Posted By Bob Pope on 01/26/2009 9:26 AM
Tac, 

Please recall that the name of this thread is 'What would you like to see made in Live Steam'. 

It would be pretty boring if we all had the same answer to the question. 

Regards, 
Bob


True.

tac
www.ovgrs.org


----------



## Bob Pope (Jan 2, 2008)

Hi Rod, 

Glad you made it back safely, and thanks for the gun reference. 

The steam locomotive will be streamlined, but will have one powered axle (spun by a geared oscillator). We'll see if I can pull this off! 

Bob


----------



## rbednarik (Jan 2, 2008)

Bob, 

I believe 005 02 was painted in blue when in service. Although I don't recall ever seeing a colour photograph of the engine.


----------



## Bob Pope (Jan 2, 2008)

Thanks for the information Ryan. 

Actually, anything I make will be in the Lake Hall and Highgrove black and tan.
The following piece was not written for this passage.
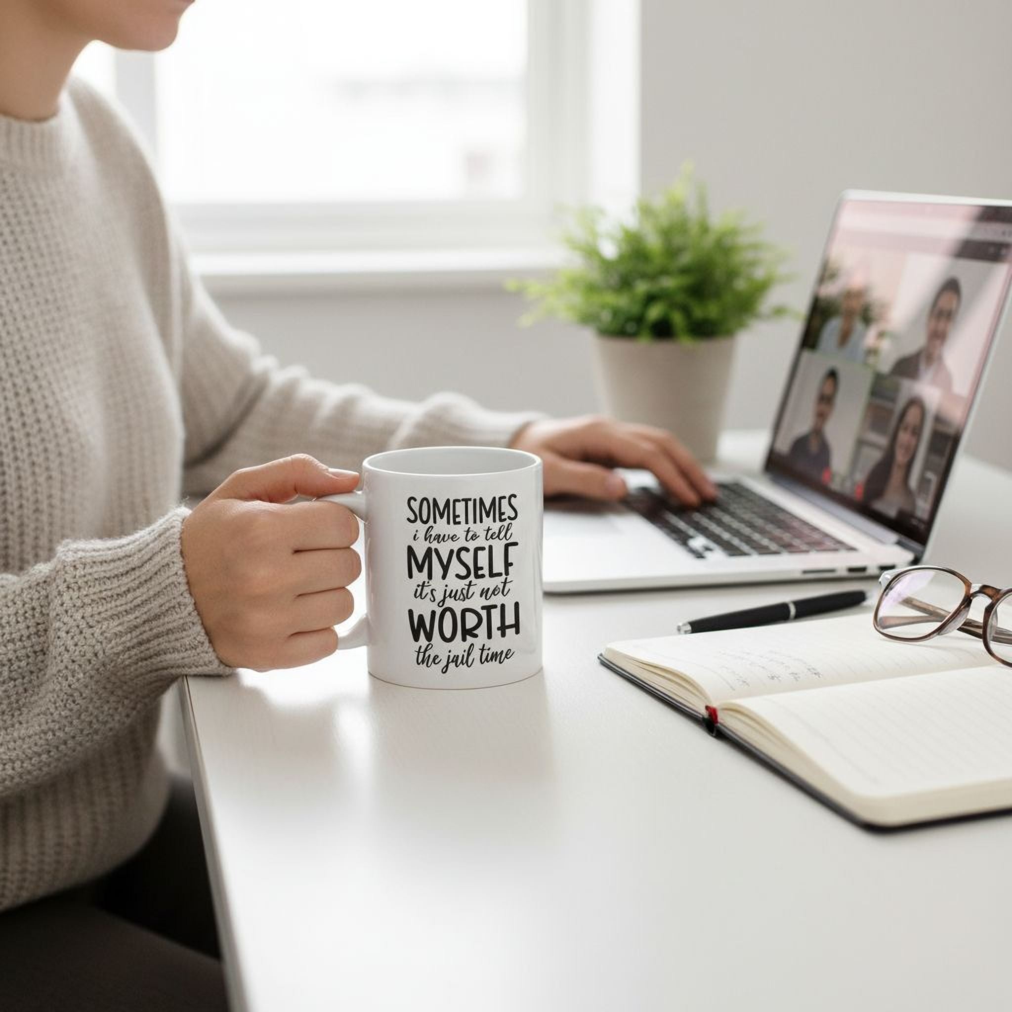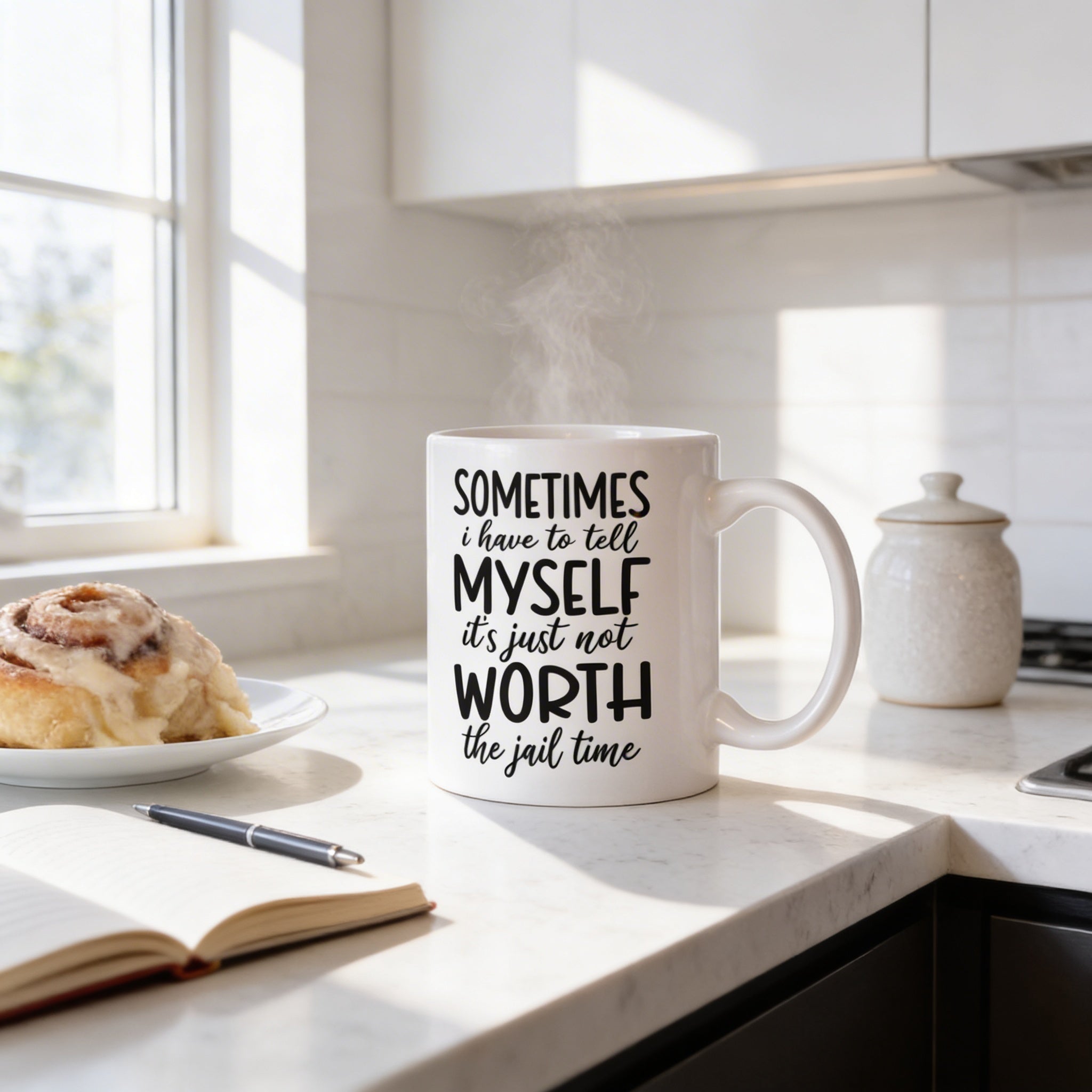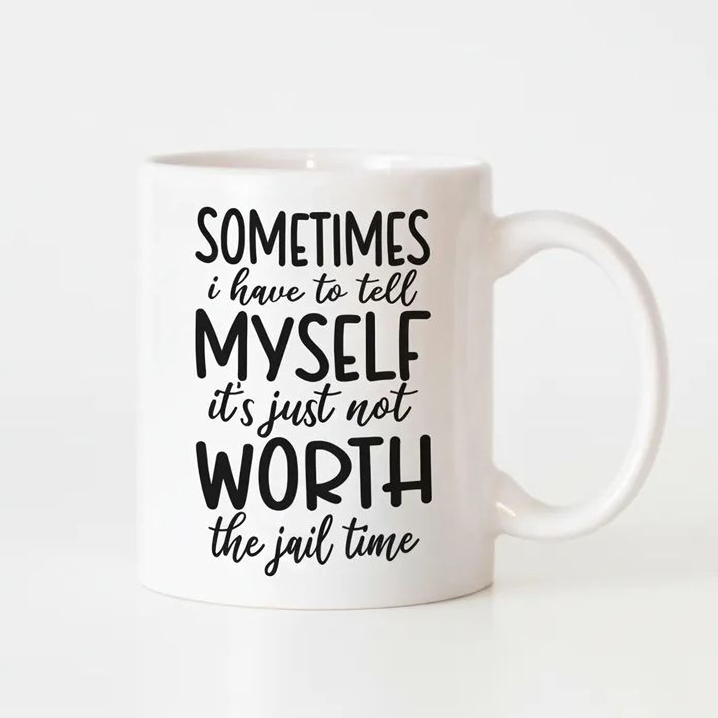 Our funny coffee mugs from Joyful Moose are perfect for anyone who loves a good laugh with their morning brew. These ceramic coffee mugs feature the hilarious saying "Sometimes I have to tell myself it's just not worth the jail time," making them ideal for brightening up your day or gifting as a funny stocking stuffer or holiday gift mug. Designed to deliver both humor and practicality, these mugs help you enjoy your coffee while sharing a smile with friends, family, or coworkers.

I'm not making another set of passenger cars! 

But the red on the 05 001 looks great - I almost painted the diesels red. 

Bob


----------



## Semper Vaporo (Jan 2, 2008)

Posted By tacfoley on 01/26/2009 9:50 AM
Posted By Bob Pope on 01/26/2009 9:26 AM
Tac, 

Please recall that the name of this thread is 'What would you like to see made in Live Steam'. 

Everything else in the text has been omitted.